The course at Cambridge covers every period of history from the most ancient to the most modern and ranges geographically from Britain, Ireland and the continent of Europe to America, Africa and Asia. Cambridge has long enjoyed a distinguished reputation in the field of political history and it has also played a leading role in the development of social and economic history. More recently it has become a major centre for the study of intellectual history and has developed strengths in cultural and global history.
The undergraduate course is designed to make the most of this large reservoir of expertise and to enable students to develop their own special interests as they move through each of the three years. Throughout the course there is ample scope to pursue your personal interests and to engage with different historical approaches. Specialist papers allow you to work with a variety of source materials, from medieval coins to modern newspapers.
Undergraduates who join us from 2021 will study a substantially new and significantly enhanced course. At present, the Tripos (the historic name for a Cambridge undergraduate degree) consists of a two-year Part I (the first and second years of study) and then a one-year Part II (the third year of study). In future, the programme will be divided into three discrete years: Part IA (the first year), Part IB (the second year), and Part II (the third year). Part II is not affected by this change. Further information regarding the course structure from 2021 can be found on the History Faculty website.

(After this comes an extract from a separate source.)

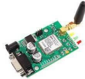
Figure 1: GSM Modem.

GSM is nothing but a Global System for Mobile Communications chip that works as a medium between mobile phone (transmitter) and display board (receiver). It was flourished by the European Telecommunications Standards Institute (ETSI). It is the main part of the whole setup. The GSM modem is linked with power supply circuitry and communication interface (RS-232) with programmable devices. It can also be linked with dedicated modem devices like input-output serial ports, USB (Universal Serial Bus), Bluetooth or mobile phone that make it more compatible to use. Each GSM module is linked with an identical mobile phone. It is also implemented for voice and data services operate at the 850MHz, 900MHz, 1800MHz, and 1900MHz frequency bands. In case of interference between two information, GSM modem uses time division multiple access (TDMA) technique that gives it different time slot for each user at same frequency to send their information. GSM modem has very wide applications in many fields such as in transaction terminals, supply chain management, security applications, weather stations, and GPRS mode remote data logging.

There is no single combination of subjects that is especially good for students wishing to study History. It is highly desirable, but not essential, that you be taking History A level (or equivalent). Successful applicants take all sorts of subjects from Mathematics and the sciences, to arts and social sciences. All of these teach skills that can be useful to the undergraduate historian. It may be useful to have a second essay-based subject alongside History. No subject is absolutely undesirable.
See also the University entrance requirements for additional advice about general requirements for entry, qualifications and offers.
What we are looking for
We want to admit students who enjoy reading, writing and thinking about the past in all its forms; who are willing and able to undertake independent study; who would enjoy working alone and with their peers; and who relish the opportunity to engage in discussion and debate.
You need to be able to present your ideas clearly, sharply and accurately, and above all to be able to write analytically. We are not looking for the ‘finished article’, but for people who have the ability and desire to learn.
Candidates invited to interview will be asked in advance to submit two marked essays or other written work. This should be in a related discipline which the candidate is studying/ has studied. Candidates will also be asked to sit an essay based test before interview. At interview, engagement with and enthusiasm for the subject will be explored by the course Director of Studies and Admissions Tutor.
The best preparation for applying to Wolfson, and for interview, is to read as widely as you can. This can be both in History and in related fields such as literature and current affairs. There are no ‘set texts’ that we prescribe, but try and extend your reading around what you may have studied at school, and look beyond it to other periods and places. Follow your own interests and develop them. An enthusiasm for the subject is vital to studying History at university, and, when you apply for a place, reading is the best way of demonstrating this.